The easiest way to improve our function is to remember what values we have already calculated. To do this, we need to introduce an additional array, which will serve as a “cache” for our calculations: before calculating a new value, we will check whether it has not been calculated before. If we calculated it, then we will take the finished value from the array, and if we did not calculate it, we will have to calculate it based on the previous ones and remember it for the future:
Int cache; int fibo(int n) ( if (cache[n] == 0) ( if (n == 1 || n == 2) ( cache[n] = 1; ) else ( cache[n] = fibo(n - 1) + fibo(n - 2); ) ) return cache[n]; )
Since in this problem we are guaranteed to need the (N-1)th value to calculate the Nth value, it will not be difficult to rewrite the formula in iterative form - we will simply fill our array in a row until we reach the desired cell:
<= n; i++) { cache[i] = cache + cache; } cout << cache;
Now we can notice that when we calculate the value of F(N) , then the value of F(N-3) is already guaranteed to us never will not need. That is, we only need to store two values in memory - F(N-1) and F(N-2) . Moreover, as soon as we have calculated F(N), storing F(N-2) loses all meaning. Let's try to write down these thoughts in the form of code:
//Two previous values: int cache1 = 1; int cache2 = 1; //New value int cache3; for (int i = 2; i<= n; i++) { cache3 = cache1 + cache2; //Вычисляем новое значение //Абстрактный cache4 будет равен cache3+cache2 //Значит cache1 нам уже не нужен?.. //Отлично, значит cache1 -- то значение, которое потеряет актуальность на следующей итерации. //cache5 = cache4 - cache3 =>After iteration, cache2 will lose its relevance, i.e. it should become cache1 //In other words, cache1 -- f(n-2), cache2 -- f(n-1), cache3 -- f(n). //Let N=n+1 (the number that we calculate at the next iteration).
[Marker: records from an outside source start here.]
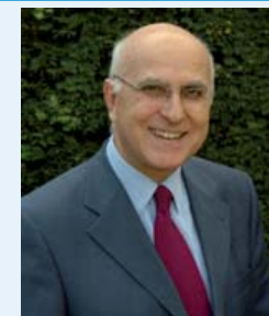
Stavros Dimas Commissioner for Environment

With this Conference, the EU participates in the celebrations for the World Water Day of 2007, which is dedicated to "Coping with water scarcity". This is a very timely, urgent and serious problem.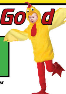
Benny "The Bird"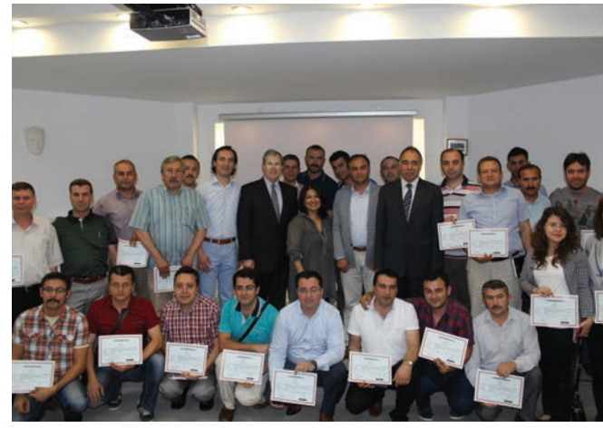
Boeing and Anadolu University Complete Second Phase of Aircraft Maintenance Training Program, 2014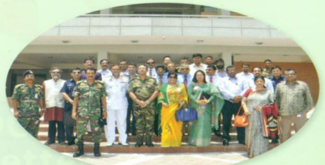
Capstone Course at BJMB Area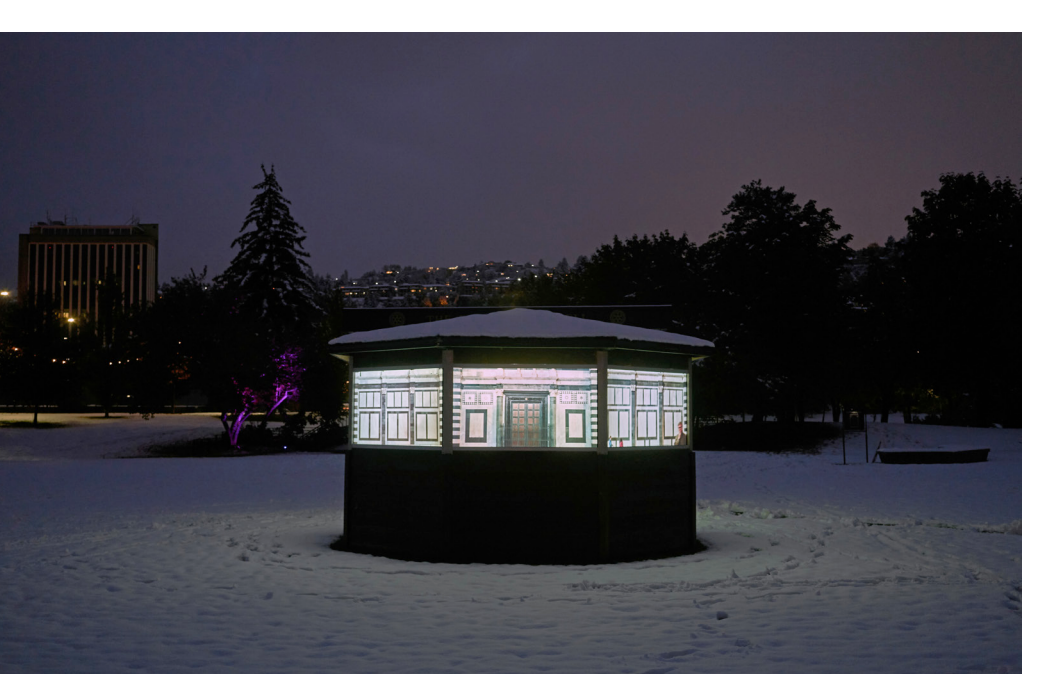
Figure 1. Photo of Levi Glass's Cineorama at Luminocity.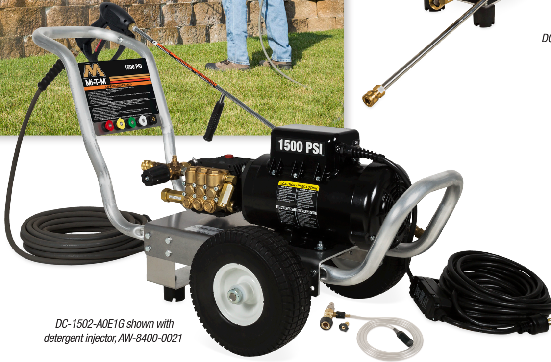
DC-1502-A0E1G shown with detergent injector, AW-8400-0021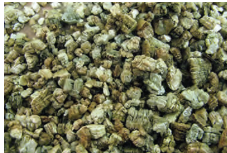
Fig. 2.6: Vermiculite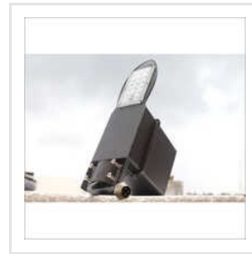
Solar Semi Integrated Street Light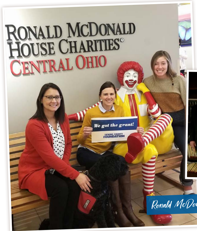
Ronald McDonald House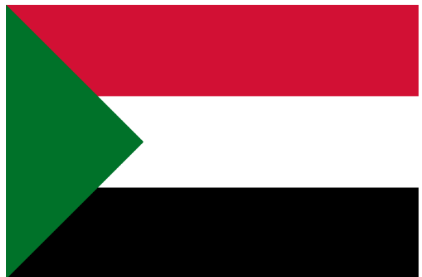
SUDAN – OPEN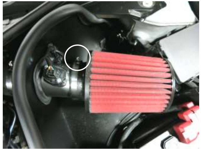
l. Install the AEM filter onto the AEM intake tube and tighten the hose clamp to 30 in. lbs.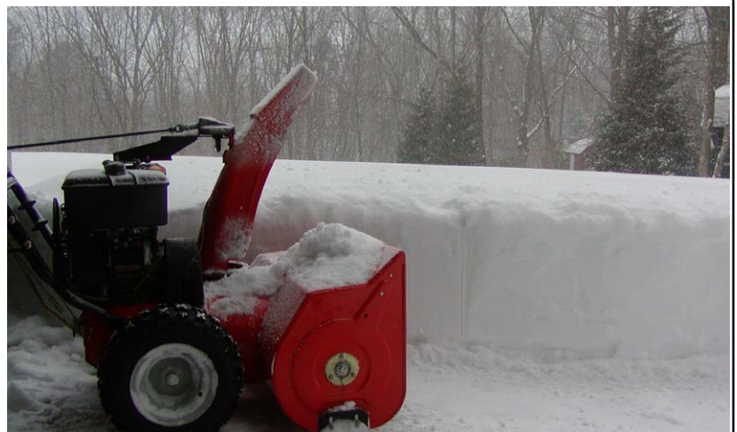
12 Hours snow fall - Fortunately not local!

With most of us filling our days with the fruitless pleasures of things like work, DIY, or even watching television; I'm sure you'll all join me in wishing away this ridiculous weather and hoping for some sunny, windless days so that we can all get back into the air again.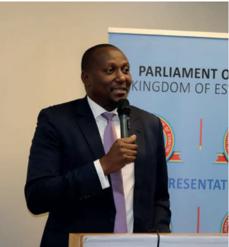
▲ Prime Minister Russell Dlamini.

By Siphesihle Dlamini siphesihled@rubiconmedia.group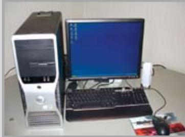
LG. QTY. OF VARIOUS DELL COMPUTERS W/ FLAT PANELS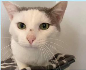
Albus - Costa Mesa Location

December is National Cat Lovers Month! Check out some amazing cats who are currently waiting for their forever home at www.pricelesspetrescue.org .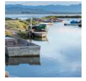
DELTA DE L'EBRE ROUTE, PAELLA & BOAT TRIP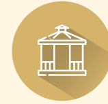
Water Bodies & Gazebo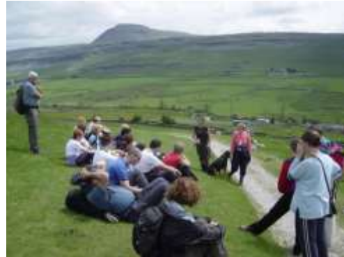
Field studies, Ingleborough

Then n-2=N-3, n-1=N-2, n=N-1. //In accordance with the new realities, we rewrite the values of our variables: cache1 = cache2; cache2 = cache3; ) cout<< cache3;
An experienced programmer will understand that the code above is, in general, nonsense, since cache3 is never used (it is immediately written to cache2), and the entire iteration can be rewritten using just one expression:
Cache = 1; cache = 1; for (int i = 2; i<= n; i++) { cache = cache + cache; //При i=2 устареет 0-й элемент //При i=3 в 0 будет свежий элемент (обновили его на предыдущей итерации), а в 1 -- ещё старый //При i=4 последним элементом мы обновляли cache, значит ненужное старьё сейчас в cache //Интуитивно понятно, что так будет продолжаться и дальше } cout << cache;
For those who can't understand how the magic with remainders works, or just want to see a more non-obvious formula, there is another solution:
Int x = 1; int y = 1; for (int i = 2; i< n; i++) { y = x + y; x = y - x; } cout << "Число Фибоначчи: " << y;
Try to monitor the execution of this program: you will be convinced of the correctness of the algorithm.
P.S. In general, there is a single formula for calculating any Fibonacci number, which does not require any iteration or recursion:
Const double SQRT5 = sqrt(5); const double PHI = (SQRT5 + 1) / 2; int fibo(int n)( return int(pow(PHI, n) / SQRT5 + 0.5); )
But, as you can guess, the catch is that the cost of calculating powers of non-integer numbers is quite high, as is their error.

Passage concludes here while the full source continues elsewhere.